* _Aim of the task_
Print out all of the records exactly; no picture belongs in the result.

* _Records to process_

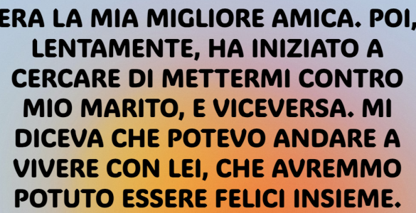 Era la mia migliore amica. Poi, lentamente, ha iniziato a mettermi contro mio marito. Mi diceva che potevo andare a vivere da lei, che insieme saremmo state felici. Con lui, parlava dei suoi problemi di infertilità e di...
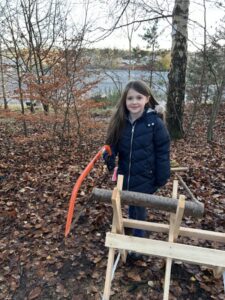 This term we have been taking part in Forest School, spending lots of time exploring and learning in our wonderful wooded area. One of our favourite activities was using the bow saw and sawhorse—under careful supervision—to create our very own tree cookies.
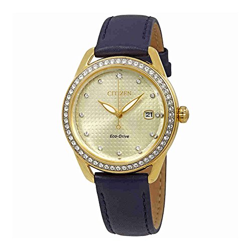 Additionally, Eco-Drive technology allows your timepiece to charge in any light, eliminating the need for a battery.37mm gold-tone stainless steel caseMineral CrystalJapanese Quartz movement/ Eco-Drive, Never needs a battery, Charges in natural or artificial lightChampagne-tone textured dial with gold-tone hands and Swarovski crystal numerals 3-hands and date windowSplash resistantNavy blue leather strap with fold over clasp with buckleCitizen Drive Style#: FE6112-09P
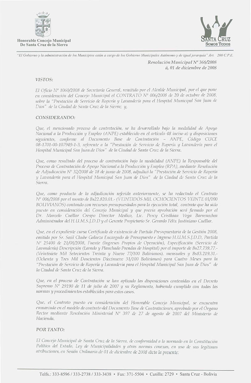 Aprueba el Contrato Nº 006/2008, por el valor mensual de Bs 22.820.01.- (VEINTIDÓS MIL OCHOCIENTOS VEINTE 01/100 BOLIVIANOS), para el Servicio de Ropería y Lavandería para el Hospital Universitario San Juan de Dios adjudicado a la “la Empresa Diamantes y Servicios y Limpieza”.
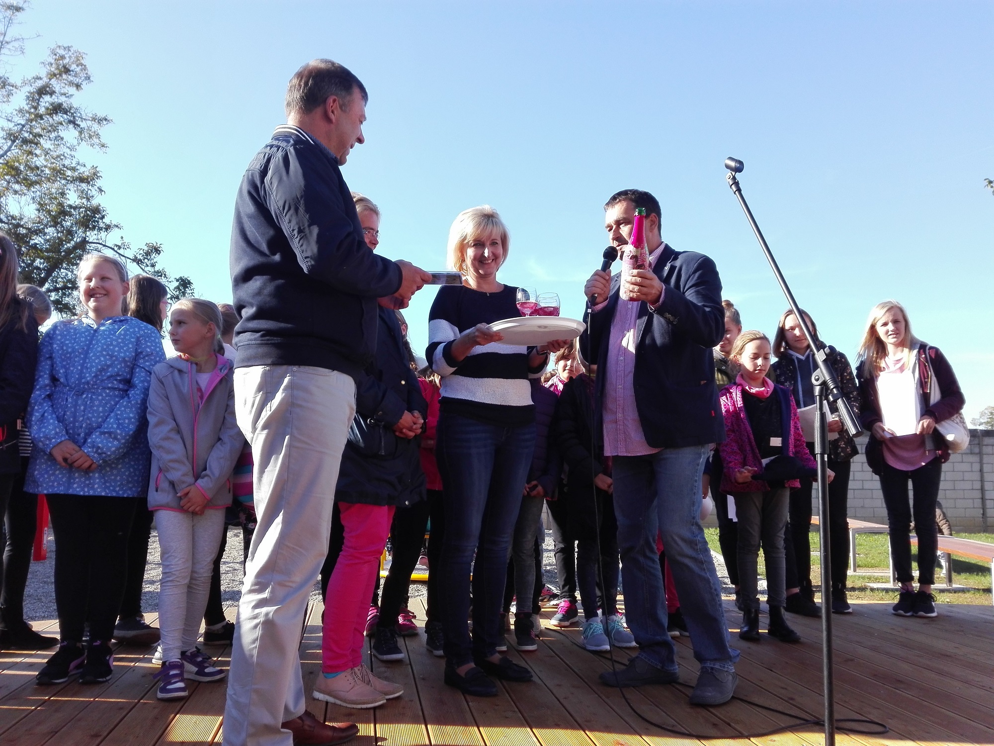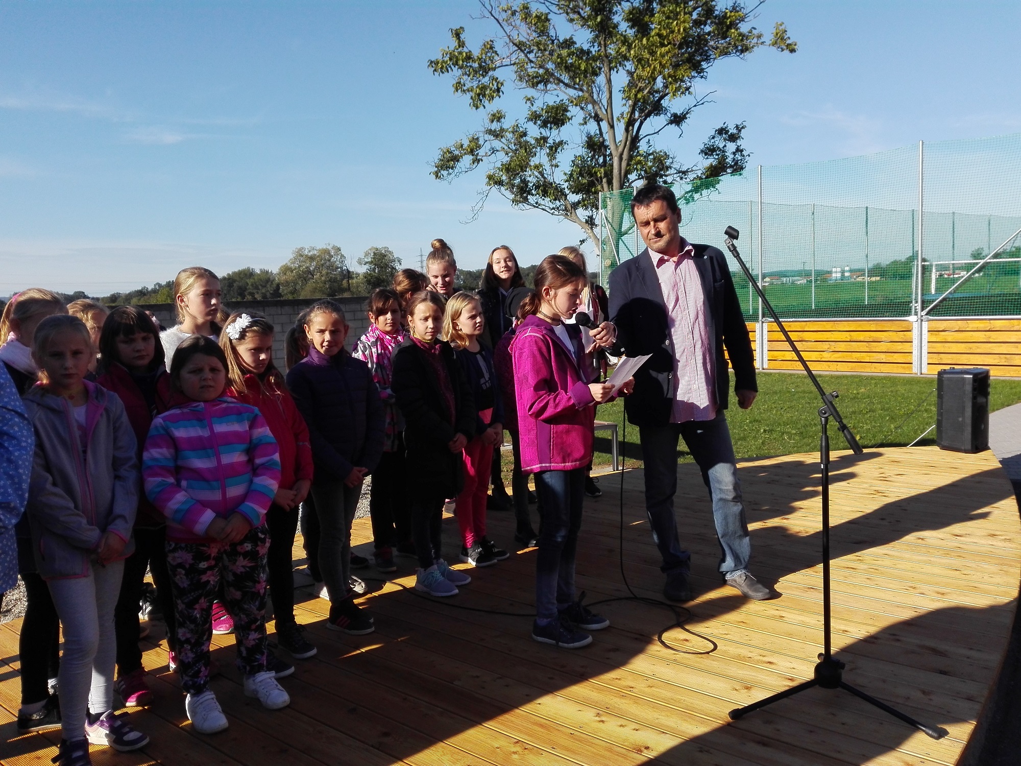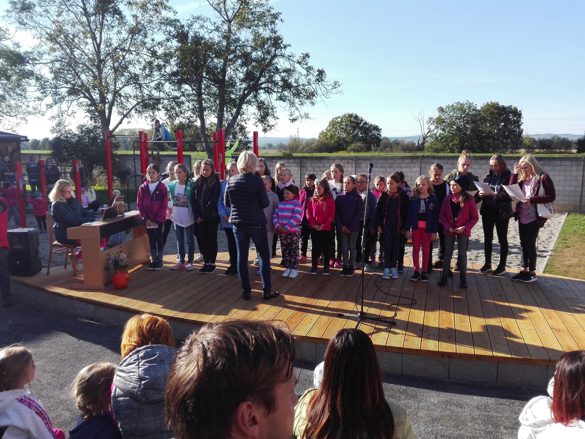 Nové pódium vyzkoušel i pěvecký sbor pod vedením paní vychovatelky Ivy Zemanové. Ta se svými zpěvulkami (jak si holky říkají) natočila v červnu CD, které bylo při slavnosti pokřtěno.
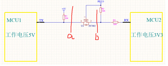 看圖3,如果沿著a、b兩條線,將電路切斷。那么MCU1的TX引腳被上拉為5V,MCU2的RX引腳也被上拉為3.3V。2N7002的S、D引腳(對應(yīng)圖3中的2、3引腳)截止就相當(dāng)于a、b兩條線,將電路切斷。也就是說,此電路在2N7002截止的時候是可以做到,給兩個MCU引腳輸送對應(yīng)的工作電壓。
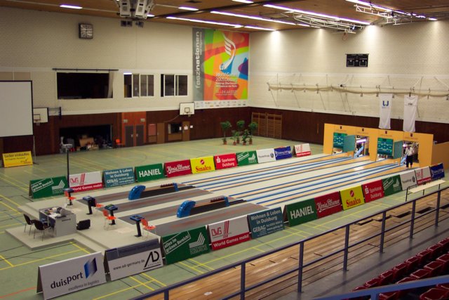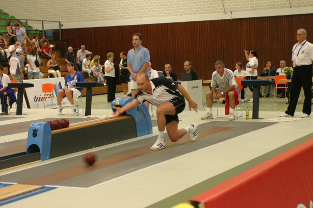 Hier standen sich Blasen Steve, Holger Mayer, Guus Maes und Bernardo Immendorf, in der mit 600 gefüllten Zuschauern, mittlerweile, sehr heissen Sporthalle gegenüber. Steve konnte von Anfang an überzeugen und ausser Guus Maes schien keiner der anderen beiden Kontrahenten ihn von seinem Ziel diese Worldgames zu gewinnen, abhalten. Mit 829 Holz und somit Gold, wurden diese Worldgames für Steve und Luxemburg perfekt.

* _Answer for the task_
 Era la mia migliore amica. Poi, lentamente, ha iniziato a mettermi contro mio marito. Mi diceva che potevo andare a vivere da lei, che insieme saremmo state felici. Con lui, parlava dei suoi problemi di infertilità e di...
 This term we have been taking part in Forest School, spending lots of time exploring and learning in our wonderful wooded area. One of our favourite activities was using the bow saw and sawhorse—under careful supervision—to create our very own tree cookies.
 Additionally, Eco-Drive technology allows your timepiece to charge in any light, eliminating the need for a battery.37mm gold-tone stainless steel caseMineral CrystalJapanese Quartz movement/ Eco-Drive, Never needs a battery, Charges in natural or artificial lightChampagne-tone textured dial with gold-tone hands and Swarovski crystal numerals 3-hands and date windowSplash resistantNavy blue leather strap with fold over clasp with buckleCitizen Drive Style#: FE6112-09P
 Aprueba el Contrato Nº 006/2008, por el valor mensual de Bs 22.820.01.- (VEINTIDÓS MIL OCHOCIENTOS VEINTE 01/100 BOLIVIANOS), para el Servicio de Ropería y Lavandería para el Hospital Universitario San Juan de Dios adjudicado a la “la Empresa Diamantes y Servicios y Limpieza”.
 Nové pódium vyzkoušel i pěvecký sbor pod vedením paní vychovatelky Ivy Zemanové. Ta se svými zpěvulkami (jak si holky říkají) natočila v červnu CD, které bylo při slavnosti pokřtěno.
 看圖3,如果沿著a、b兩條線,將電路切斷。那么MCU1的TX引腳被上拉為5V,MCU2的RX引腳也被上拉為3.3V。2N7002的S、D引腳(對應(yīng)圖3中的2、3引腳)截止就相當(dāng)于a、b兩條線,將電路切斷。也就是說,此電路在2N7002截止的時候是可以做到,給兩個MCU引腳輸送對應(yīng)的工作電壓。
 Hier standen sich Blasen Steve, Holger Mayer, Guus Maes und Bernardo Immendorf, in der mit 600 gefüllten Zuschauern, mittlerweile, sehr heissen Sporthalle gegenüber. Steve konnte von Anfang an überzeugen und ausser Guus Maes schien keiner der anderen beiden Kontrahenten ihn von seinem Ziel diese Worldgames zu gewinnen, abhalten. Mit 829 Holz und somit Gold, wurden diese Worldgames für Steve und Luxemburg perfekt.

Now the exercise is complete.